Key Insight: Message queues turn synchronous failures into asynchronous retries. When a downstream service is down, messages wait safely in the queue.

Why Use Message Queues?

  • Decoupling: Producers and consumers don't need to know about each other
  • Buffering: Handle traffic spikes by queuing requests
  • Resilience: Messages persist even if consumers are temporarily unavailable
  • Scalability: Add more consumers to process messages in parallel
  • Ordering: Guarantee message processing order when needed

Basic Queue Producer/Consumer

# Producer - Sends messages to queue
import pika
import json

connection = pika.BlockingConnection(pika.ConnectionParameters('localhost'))
channel = connection.channel()

# Declare a durable queue (survives broker restart)
channel.queue_declare(queue='order_queue', durable=True)

def send_order(order):
    message = json.dumps(order)
    channel.basic_publish(
        exchange='',
        routing_key='order_queue',
        body=message,
        properties=pika.BasicProperties(
            delivery_mode=2,  # Make message persistent
        )
    )
    print(f"Sent order: {order['id']}")

# Send sample orders
send_order({"id": "order_123", "user": "john", "total": 99.99})
send_order({"id": "order_124", "user": "jane", "total": 149.50})
# Consumer - Processes messages from queue
import pika
import json
import time

connection = pika.BlockingConnection(pika.ConnectionParameters('localhost'))
channel = connection.channel()

channel.queue_declare(queue='order_queue', durable=True)

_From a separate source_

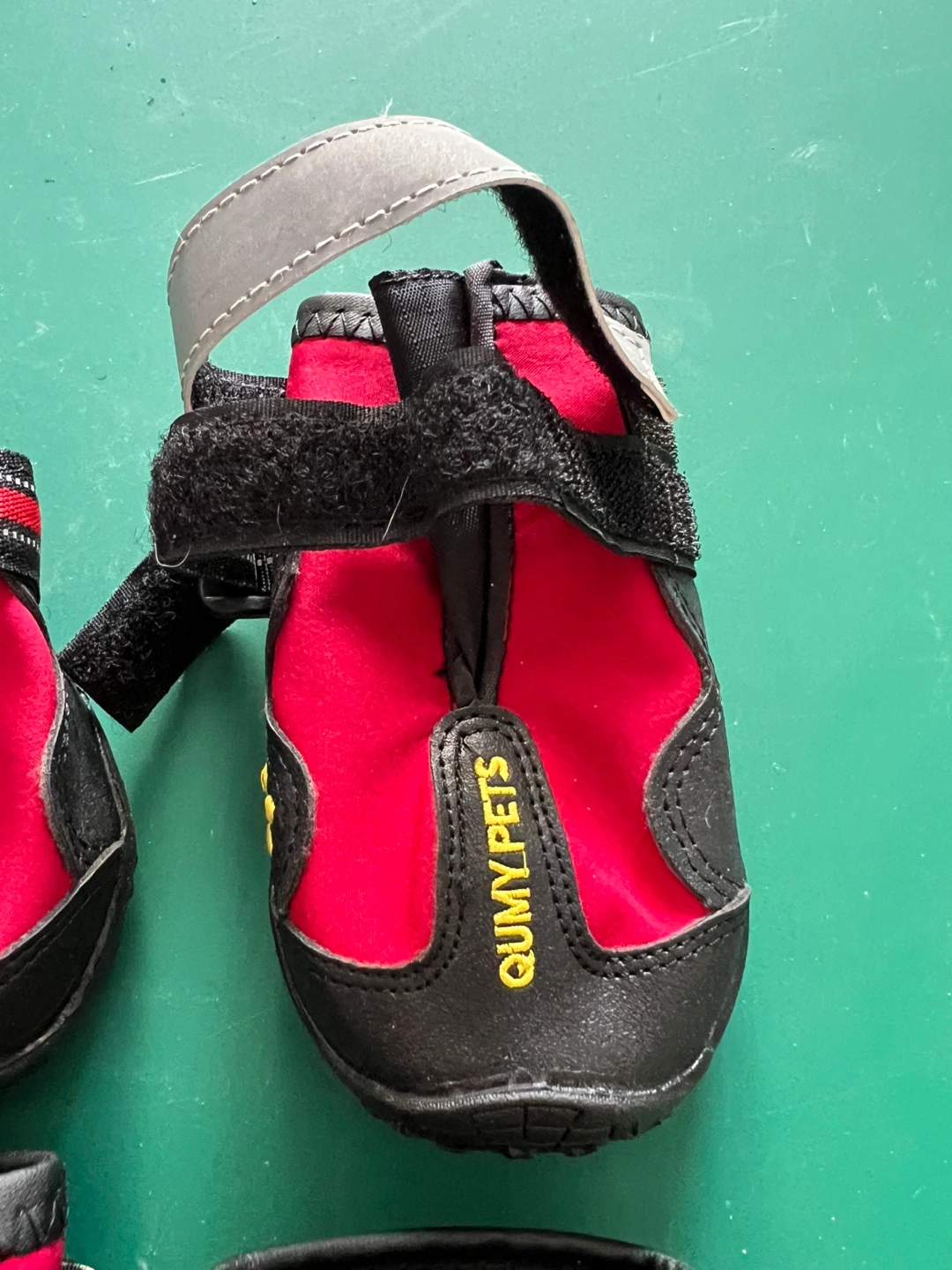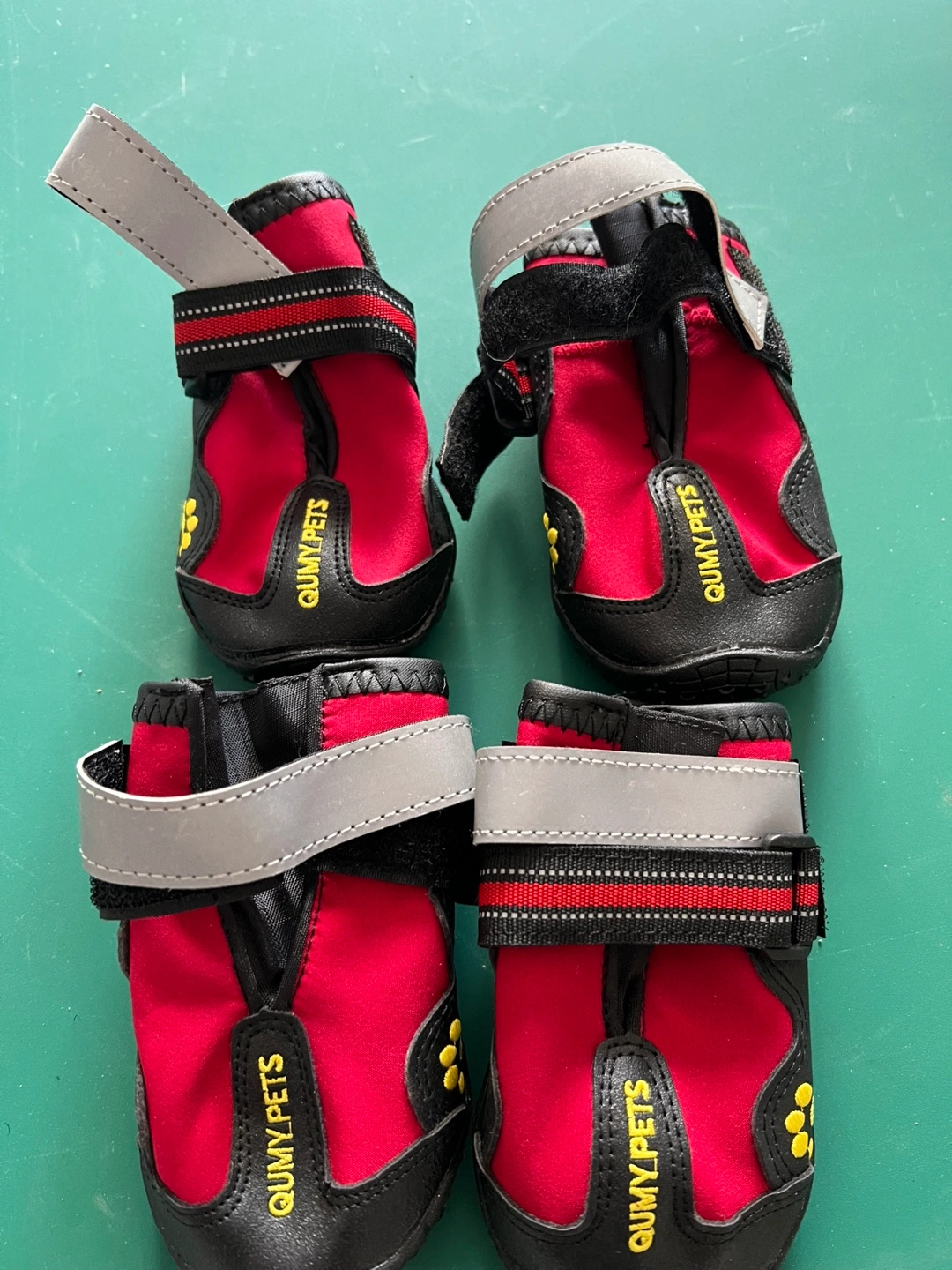 Set of four red and black dog boots. Durable, water-resistant material. Velcro closures for a secure fit. Good traction. Medium size. W 3”. I bought for my black lab, she said absolutely not - so brand new and looking for a home

def process_order(ch, method, properties, body):
    order = json.loads(body)
    print(f"Processing order: {order['id']}")
    
    # Simulate processing time
    time.sleep(2)
    
    # Acknowledge message after successful processing
    ch.basic_ack(delivery_tag=method.delivery_tag)
    print(f"Completed order: {order['id']}")

# Fetch one message at a time (fair dispatch)
channel.basic_qos(prefetch_count=1)

# Start consuming
channel.basic_consume(queue='order_queue', on_message_callback=process_order)
print("Waiting for orders...")
channel.start_consuming()
RabbitMQ Producer-Consumer

Queue Patterns

Point-to-Point (Work Queue)

Each message is consumed by exactly one consumer. Multiple consumers can compete for messages to distribute workload.

# Multiple workers compete for messages
# Message goes to only ONE worker

Producer ---> [Queue] ---> Consumer 1
                      ---> Consumer 2
                      ---> Consumer 3

# Each message processed by exactly one consumer
# Great for distributing work across workers

Use cases: Order processing, background jobs, task distribution

Publish-Subscribe (Fanout)

Each message is delivered to all subscribed consumers. Publishers don't know about subscribers.

# All subscribers receive every message
                           ---> [Queue 1] ---> Email Service
Producer ---> [Exchange] ---> [Queue 2] ---> SMS Service
                           ---> [Queue 3] ---> Push Notification

# Example: User signup triggers multiple notifications
channel.exchange_declare(exchange='user_events', exchange_type='fanout')

def publish_signup(user):
    channel.basic_publish(
        exchange='user_events',
        routing_key='',  # Ignored for fanout
        body=json.dumps({'event': 'signup', 'user': user})
    )

# Each service creates its own queue bound to exchange

Use cases: Notifications, event broadcasting, logging

Topic-Based Routing

Messages are routed to queues based on routing key patterns.

# Route messages based on topic pattern
channel.exchange_declare(exchange='orders', exchange_type='topic')

# Publish with routing key
channel.basic_publish(
    exchange='orders',
    routing_key='order.created.electronics',  # topic pattern
    body=json.dumps(order)
)

# Consumer 1: All order events
channel.queue_bind(exchange='orders', queue='all_orders', routing_key='order.#')

# Consumer 2: Only electronics orders  
channel.queue_bind(exchange='orders', queue='electronics', routing_key='order.*.electronics')

# Consumer 3: Only order creation events
channel.queue_bind(exchange='orders', queue='new_orders', routing_key='order.created.*')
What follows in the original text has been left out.